Dano checked the Post-Its on Cooper’s desktop. Some phone numbers. No combinations. When he started going through the papers in the desk he got that feeling he’d get at the casino sometimes. He’d be riding high on a series of Blackjack wins and rather than being happy with doubling his money, he’d try to quadruple it, and then he’d lose everything.
He stopped. Fuck the safe. This was a bad idea. He was ahead right now. Time to go home with his winnings. He walked away from the desk and back towards the office door.
As Dano walked into the shattered doorway he saw a flash and heard a gunshot. Something behind him splintered. He backed up and ducked behind the desk using it for what little cover it provided.
“Then next one goes in your melon fucking head, Dano,” Paul’s voice yelled.
“I see you found a gun with bullets,” Dano yelled back. Dano shifted the duffel bag and reached inside his coat for his .45.
“I’ve got one myself,” he said adjusting his grip on the pistol.
Paul entered the room slowly. Dano had a shot, but one shot rarely results in the cops showing up. If anyone pulls another trigger, they’ll be running out of here with the police on their tail. His eyes met Paul’s.
“I’ve got seventeen rounds in my .45. Hydrashock bullets. They go in small and blow out your back the size of a grapefruit. Drop the revolver and walk out of here, bail bondsman. This isn’t your kind of rodeo. Don’t make me end you.”
Dano hoped he sounded as menacing as he intended. He’d gone out of his way to avoid any direct violence on his part. Not because he wasn’t capable of it, but just because violence tended to cause annoying consequences. He walks out of here with some stolen money, no harm, no foul. He walks out of here with a dead body left behind and sooner or later, they’d catch up to him.
“Why couldn’t you just be happy with the twenty grand?”
“Because I don’t have to,” Dano said. “Last time I’m asking you, drop-”
The first bullet hit Dano in the hand; the second one hit his left shoulder; the third bullet missed and hit the wall; the fourth and fifth bullets hit Dano in his chest. The final chamber was empty, but Paul pulled the trigger a sixth, seventh, and eighth time. Dano fell back. He’d dropped the .45. Everything was suddenly wet. It took him a moment to realize that wetness was his own blood.
The duffel bag was open and leaking cash, as Paul made his way down the hallway, but he wasn’t thinking about that. He was thinking about the fact that after emptying five rounds into Dano, the guy was still alive. Paul had walked around the desk and pulled bag off of him. Dano pulled at the bag, but there was no strength behind it. A cash box fell out of the bag thanks to Dano’s attempts to stop him. Paul glanced back through the doorway and saw Dano getting to his feet.
Now Paul’s sole thought involved getting out the front door and into the car before that hulking Pacific Islander caught up to him. Luckily, while the bullets hadn’t stopped him, the last he saw Dano, the guy was leaning against the wall and slowly lurching towards him. Dano was probably thirty seconds behind him. Maybe even a whole minute.
Everything was happening so damn fast. Had Dano bothered to pick up his gun? Why hadn’t he thought to pick it up? So focused on the fucking bag. Goddamn it.

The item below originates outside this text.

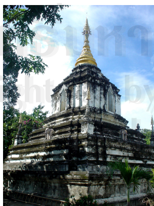
ภาพที่ 4.3 เจดีย์วัดกานโถม (ช้างค้ำ)

Paul pushed open the front door, walked out to the green Chevelle still parked where he’d abandoned it on the sidewalk a minute earlier. He opened the passenger side door, climbed in, and left the bag of money on the floor of the car before sliding into the driver’s seat.
Just before he started the car, he heard sirens. He turned the key and put the car in reverse, backing it off of the sidewalk and pulled into traffic. He was turning left onto 9th Street when he saw multiple police cars pulling up in front of Cooper’s office.
Ten minutes later, Paul had driven back to the Proctor district only to find that this time his spot across the street from the apartment building was filled by the Medical Examiner van with a police car in front of it.
He drove by the building quickly and turned right on North 30th Street. He needed to leave town.